Qatari agriculture company pledges increase in shrimp output

Agrico Qatar has plans to increase its fresh shrimp production to 800 metric tons (MT) annually, boosting Qatar’s nascent aquaculture industry.

The private agricultural development company's managing director, Nasser Ahmed al-Khalaf, told the Gulf Times at the eighth International Agricultural Exhibition (AgriteQ) and International Environmental Exhibition (EnviroteQ) at the Doha Exhibition and Convention Centre that his company will also scale up tilapia production to 450 MT to support Qatar’s food security goals.

Agrico is planning on producing 350 MT of vannamei this year at the company’s 10,000-square-meter farm, which has already begun operations.

Qatar’s per capita annual fish consumption is about 22.3 kilograms,  with fresh shrimp consumption estimated at 1,000 MT annually. Agrico’s projected production for 2021 will meet at least one-third of the existing national demand for fresh shrimp, the company said.

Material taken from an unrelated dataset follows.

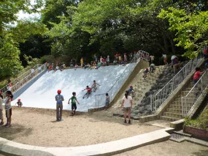 昼食の後は、自由時間です。おやつを食べたり遊具で遊んだり、思い思いに楽しい時間を過ごしました。水間公園の大きな滑り台は迫力満点です。

Although aquaculture is not a primary agricultural activity in Qatar, results from ongoing research from selected small freshwater facilities have demonstrated there is huge potential for domestically produced seafood, according to al-Khalaf. He said tilapia has an especially bright outlook, and pushed for the country to successfully implement the new aquaculture executive regulation, which provides guidelines for sustainable development and management of aquaculture, “using best management practices and adopting measures for mitigating environmental impacts by judicious utilization of land and water resources.”

Currently, most of Qatar's aquaculture production from small-scale freshwater facilities is consumed locally, “although some fish is exported to neighbouring countries, particularly Saudi Arabia,” Business Wire reported. Qatar’s market for Fisheries and Aquaculture is likely to post a compound annual growth rate of 5.1 percent for between 2020 and 2025, the report found.

According to Agrico, the planned aquaculture expansion program will be combined with a venture into aquaponics to boost food production from an integrated fish-farming system, with vegetable production utilizing fertilizer from the farmed fish.

Already, Agrico has commenced levee production that al-Khalaf said is “not using any mechanical system.”

He said, with aquaponics, the cost of fertilizer derived from the farmed fish costs just 3 percent of the price being paid in Qatar for conventional fertilizer.